• [Exercise instructions] Repeat only the lines below from the one containing "在交流分享环节,吴宝晶老师、" through the one containing "The following pictures", inclusive, exactly as written.

• [Material provided]
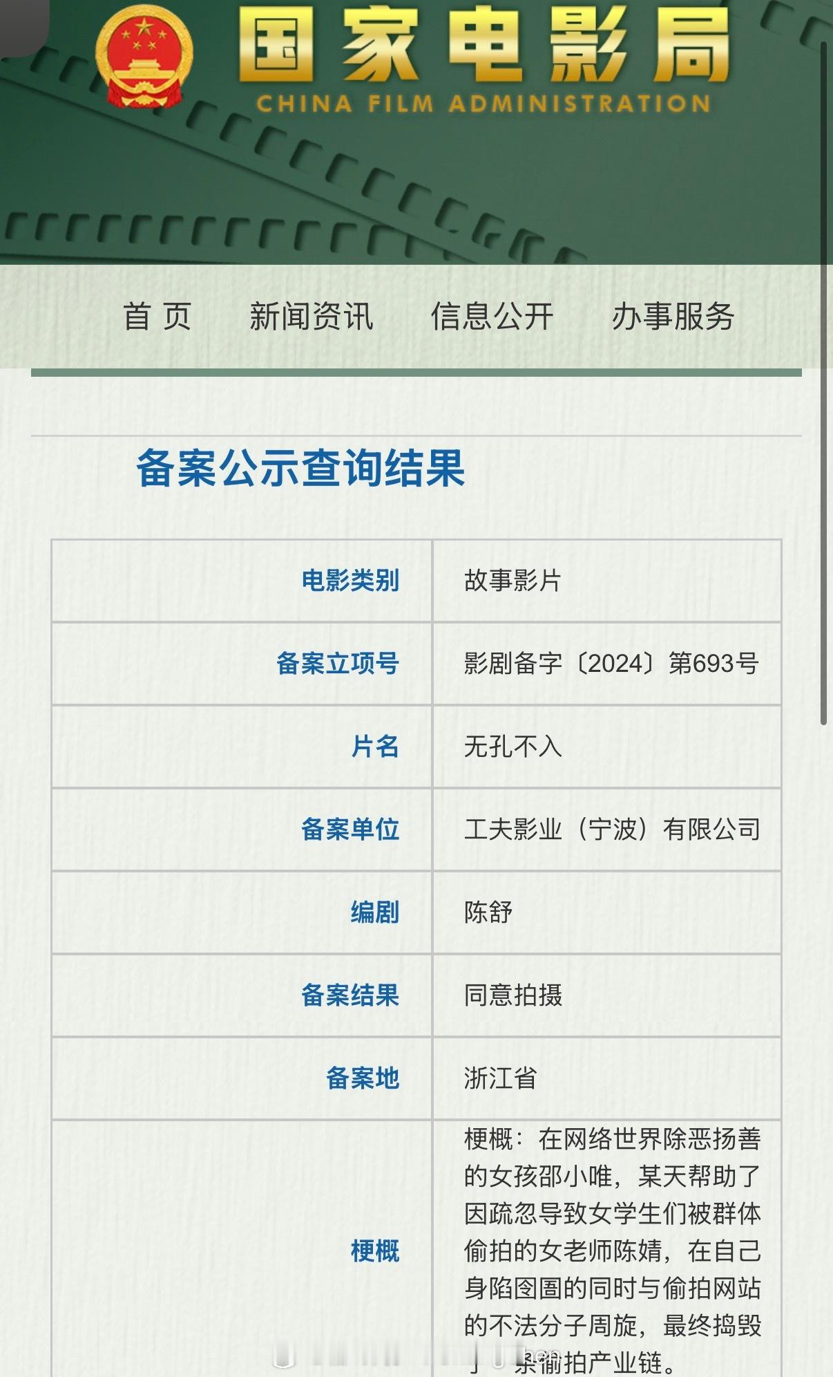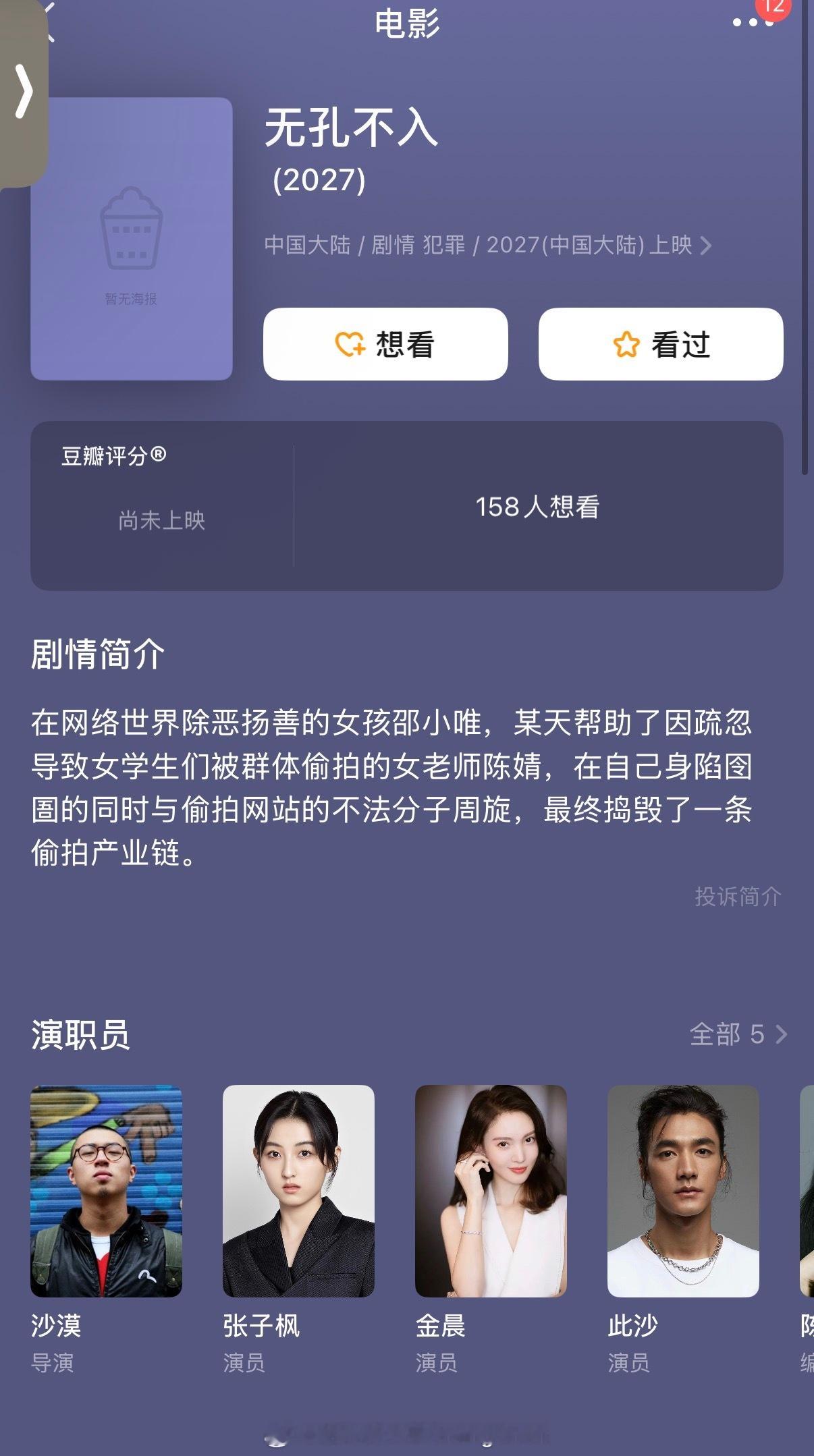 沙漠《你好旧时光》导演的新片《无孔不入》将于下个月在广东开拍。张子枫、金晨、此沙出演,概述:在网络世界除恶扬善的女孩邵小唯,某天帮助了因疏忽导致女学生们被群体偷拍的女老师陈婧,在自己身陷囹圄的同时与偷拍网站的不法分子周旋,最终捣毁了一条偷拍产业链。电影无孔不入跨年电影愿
* * *
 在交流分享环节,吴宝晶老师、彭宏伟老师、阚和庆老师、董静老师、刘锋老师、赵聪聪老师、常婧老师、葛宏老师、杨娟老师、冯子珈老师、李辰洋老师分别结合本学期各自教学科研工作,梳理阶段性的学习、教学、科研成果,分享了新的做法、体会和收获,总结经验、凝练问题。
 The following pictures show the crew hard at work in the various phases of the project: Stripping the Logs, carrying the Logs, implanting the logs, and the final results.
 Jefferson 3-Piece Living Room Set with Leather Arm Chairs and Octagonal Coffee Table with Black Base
...
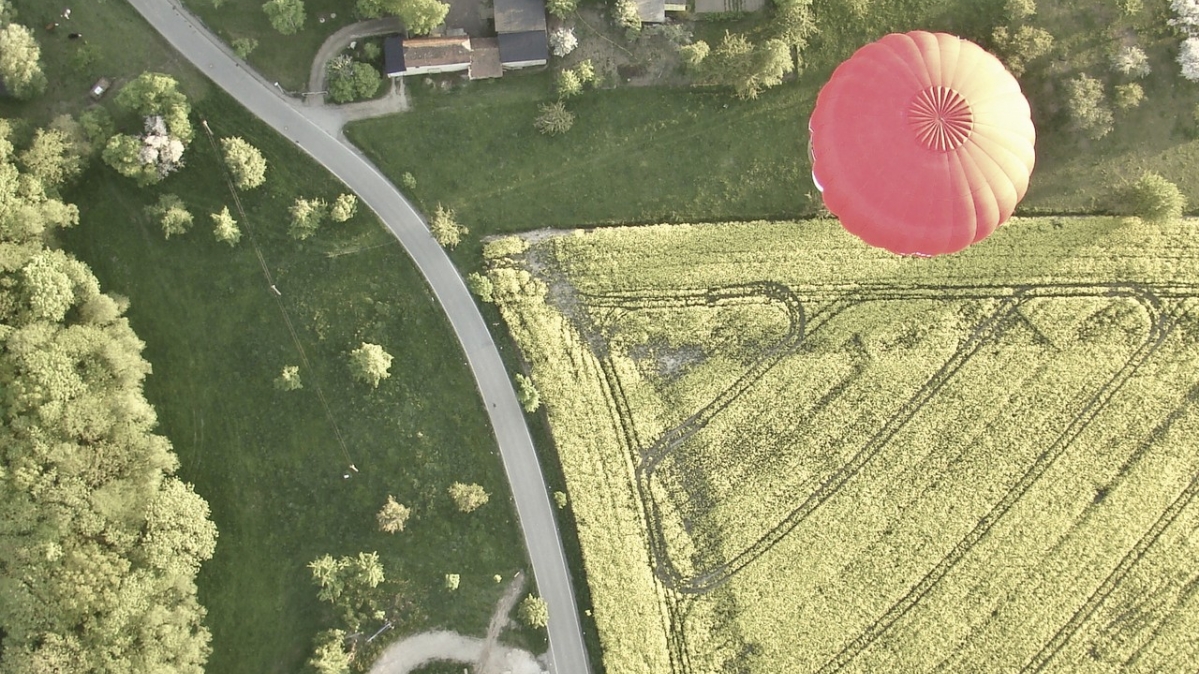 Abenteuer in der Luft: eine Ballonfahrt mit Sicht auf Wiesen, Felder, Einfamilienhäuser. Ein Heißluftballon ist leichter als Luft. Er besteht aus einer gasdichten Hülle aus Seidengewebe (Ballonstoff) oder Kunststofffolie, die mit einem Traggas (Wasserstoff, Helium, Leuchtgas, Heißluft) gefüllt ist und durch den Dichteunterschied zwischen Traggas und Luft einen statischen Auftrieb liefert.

• [Task answer]
 在交流分享环节,吴宝晶老师、彭宏伟老师、阚和庆老师、董静老师、刘锋老师、赵聪聪老师、常婧老师、葛宏老师、杨娟老师、冯子珈老师、李辰洋老师分别结合本学期各自教学科研工作,梳理阶段性的学习、教学、科研成果,分享了新的做法、体会和收获,总结经验、凝练问题。
 The following pictures show the crew hard at work in the various phases of the project: Stripping the Logs, carrying the Logs, implanting the logs, and the final results.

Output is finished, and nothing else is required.